What Kind Of Roommate Are You?

Are you a good roommate? Or the worst kind of person? Take this quiz and find out what kind of roommate you are!

Tags: Living, Character


Here are all the results with descriptions

The Stoner!
You may or may not sell drugs out of the apartment, but some roommates can be down with that, especially because you're the most easygoing roommate. You never argue; you always share your food; and you're pretty quiet unless you start giggling again. Even if you aren't the cleanest guy in the house, your other roommates still love you.

The Sappy Roommate!
You're the roommate who only operates in two realities: either you're dating someone or you just broke up. There is no in-between for you. You live for the drama and like to make loud entrances and exits at any time of day. You've probably had sex in every room in your apartment, but your roommates would never know. No, they don't really trust you, but they know you pay the bills, so they'll put up with your drama until the lease is up.

The Celebrity Chef!
You make every house feel like a home. You host epic house parties as well as chill game nights, and you always cook a little something for each. Your other roommates and their friends are always coming over to hang with you and your warm oven. As long as you remember to clean up after yourselves, you and your roommates get along swimmingly!

The Loud Roommate!
You slam doors. You stomp when you walk. You sing loudly in the shower at 6:00 in the morning. Do you forget that you live with other people, or do you just not care? Because we can't tell. Whatever your reasoning, we can tell you now that you're only a good roommate if your roomies find your loudness endearing.

The Stickler!
You're the king of the passive-aggressive kitchen note. You know what's best for the house, and that includes a strict quiet-hours initiative and a clear labeling system for the fridge. You drive everyone you live with crazy, and now you've gone and made a new chore list. Make sure you stick it on the fridge tonight, so all your roommates can see it when they wake up in the morning. You always like to drop surprises like this on them. Hope Sara likes to clean the toilet!

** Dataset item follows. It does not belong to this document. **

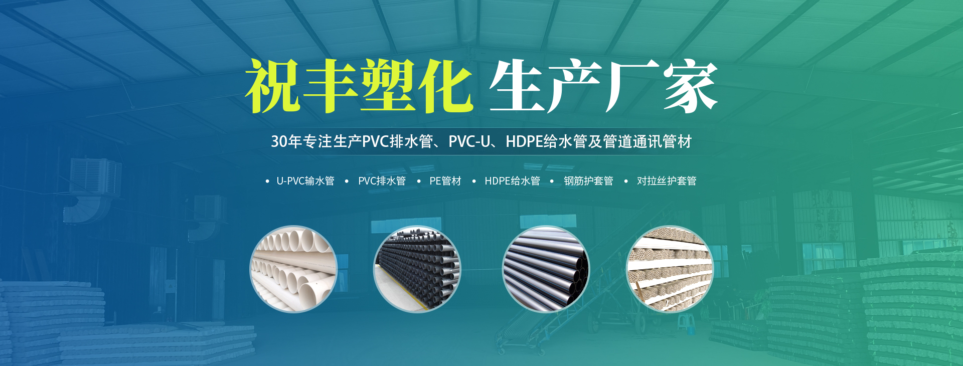 安陽市祝豐塑化有限公司坐落在滑縣工業(yè)園區(qū),東臨大廣高速,西臨京珠高速,是鄭州、鶴壁、安陽、濮陽四個城市的輸紐,交通便利、環(huán)境優(yōu)美。 公司始建于八十年代,經過二十余年的艱辛創(chuàng)業(yè),規(guī)模不斷壯大,由十多萬元資產的小廠,發(fā)展到現占地面積達一萬多平,建筑面積一萬平,資產2000多萬元管材生產企業(yè)。公司生產PVC-U、PVC排水管、HDPE給水管、鋼筋護套管管道通訊管材等產品,廣泛用于農田節(jié)水、高山引水、人畜用水、建筑、電力通訊等多種用途,品種齊全。為了滿足用戶需求,可承攬各種給水、節(jié)水、灌溉工程。“祝豐塑化”憑借強勁的實力,優(yōu)良的管理水平。“以質量求生存,以信譽求發(fā)展”的原則全力以赴和大家共同塑造美好未來。..

The Worst Kind of Roommate!
You clearly don't care about anyone but yourself. The dishes you left in the sink last week are still there. You passed out and left your stereo on again last night. And the weirdos you keep bringing over without warning are starting to get on everybody's nerves. But who cares, right? Because you live here too. It's your house as much as theirs, so they're going to have to deal with it.